A deep learning model with machine vision system for recognizing type of the food during the food consumption

Table of Contents

Data collection

Collecting food product samples is essential for creating effective management systems that impact health and the environment. To address obesity, accurate data and intelligent systems are needed to ensure adequate food supply, reflecting the diverse cultural practices of different civilizations^17,18.

In this study, a diverse data set was constructed featuring various popular foods from across Iran, which is known for its rich culinary culture. Selecting specific food items from 32 provinces proved to be quite challenging due to the vast array of delicious options available. The chosen foods reflect the interests and opinions of the public, cultural significance, and their prevalence in restaurants, hospitals, and university canteens, as well as insights from nutritionists. A total of 32 different types of foods were prepared, each representing various ingredients and preparations from all the provinces. To account for regional variations, samples of each dish were collected from different locations, including home cooks, restaurants, and canteens, since recipes can vary significantly. Ultimately, 16 primary food classes were selected, and an additional 16 products were included to enhance the data set’s potential for training a model capable of recognizing food during consumption. After this selection process, images and videos of the prepared dishes were captured under diverse conditions, including varying angles, backgrounds, and lighting. This comprehensive data set, reflecting different recipes and settings, was designed to train deep learning algorithms effectively, thus enhancing the potential for real-time food recognition in practical applications. In Fig. 2, several examples of selected food products are presented, which were extracted from videos. This showcases a variety of backgrounds, illustrations, angles, and distances used in this investigation to provide information about the morphology of the foods.

Food products were divided into three main meals: breakfast, lunch, and dinner. In each meal, there were several types of food classes, and it was tried to use one main meal in each class along with a drink or appetizer during imaging. Figure 3 shows food products with three main meals and 32 classes of selected subsets, along with the names of the food products.
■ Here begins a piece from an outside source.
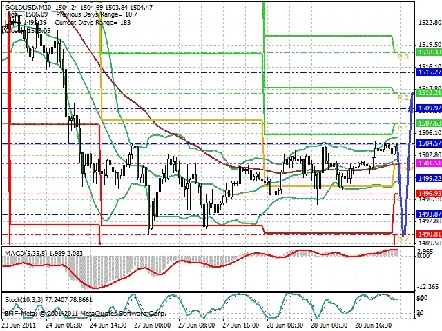 Předpokládaný pohyb pro dnešní den LONG. Případné vstupy do obchodu z hladiny 1 490 s předpokládaným cílem 1 511, případně až 1 518. Proražení hladiny 1 490 může vést k pohybu s pravděpodobným cílem 1 479 až 1 462.

In order to perform the correct detection of food consumed products, images were first taken of the food products at the time of consumption. Because the system needed to be better analyzed and easier to use, the video was taken from each product at different conditions during food consumption. First, 16 classes of food were selected, and several videos were prepared. The images were extracted from the videos in half a second, using the Python programming language. For 16 classes, 12,000 images with 1280 × 680 dimensions were obtained from the beginning to the end of consumption. To increase the database, more videos were prepared, from which 24,000 images with 1280 × 680 dimensions were obtained for 32 classes of consumed foods. Figure 4 shows the number of images obtained of food in each class in a bar chart.

Imaging system

The imaging system designed for identifying consumed food products comprises a camera mounted on a monopod, along with two belts for secure attachment. A mobile phone with an appropriate camera is connected to the monopod, which is affixed to the individual performing the sampling operation. The monopod is positioned on the left side of the person’s body, aligning the mobile phone camera nearly parallel to the shoulder. The camera angle is set at approximately 160° relative to the person. This angle may vary as the individual consumes food, resulting in body movements that create new angles with each frame of the video. To accommodate different environments and lighting conditions, various light sources are utilized, including moonlight and LED lamps. Figure 5 illustrates the arrangement of the cameras and associated equipment.

Camera

The sampling camera in the food identification system consists of various models, including the Samsung S23, S23 Ultra, Huawei P50, P40, P30, and P30 Lite. Each of these cameras offers different qualities for recording videos and images. Additionally, multiple Canon and Nikon video and imaging cameras with 4 K resolution, capturing at 10 frames per second and 6.5 frames per second, were also utilized to provide a diverse array of devices for this purpose.

Computer and processing

Movies and images captured using an imaging system were transferred from mobile phones and cameras to laptops with the following specifications: CPU—AMD Ryzen 5 3500U, GPU—AMD Radeon Vega 8 Graphics, and RAM—8 GB, along with a 128 GB SSD, via 3USB port. In this machine vision system, the computer served as the primary source for image analysis and processing, capable of running a series of programs based on its processing power. Data preprocessing involved steps such as removing missing data and enhancing quality. Once the data was prepared, it was uploaded to Google Drive, enabling access via Google Cloud for dataset analysis. In this investigation, Python version 3.12 and Google Cloud were utilized to implement the deep learning algorithm. The deep learning algorithms, which require substantial processing power due to the large volume of data generated, relied on an efficient processing system, including support from Google Colab.

Data augmentation

Data augmentation is a technique for enhancing data by changing the size, intensity, color, and lighting for deep learning algorithms. This technique by expanding the diversity of a training dataset to original data sets was especially useful for improving the efficiency of deep learning algorithms, preventing over-fitting, and increasing the generalization ability of models¹⁹. To enhance object recognition, first, rotate the image by 10 to 15 degrees. Next, translate the food left and right to maintain object condition. Then, shear the image for a new angle. After that, zoom in or out to train the model on different scales. Finally, adjust contrast and brightness for varying lighting conditions. These five data augmentation steps increased the dataset of 16 classes from 12,000 to 60,000 and 32 class from 24,000 to 120,000.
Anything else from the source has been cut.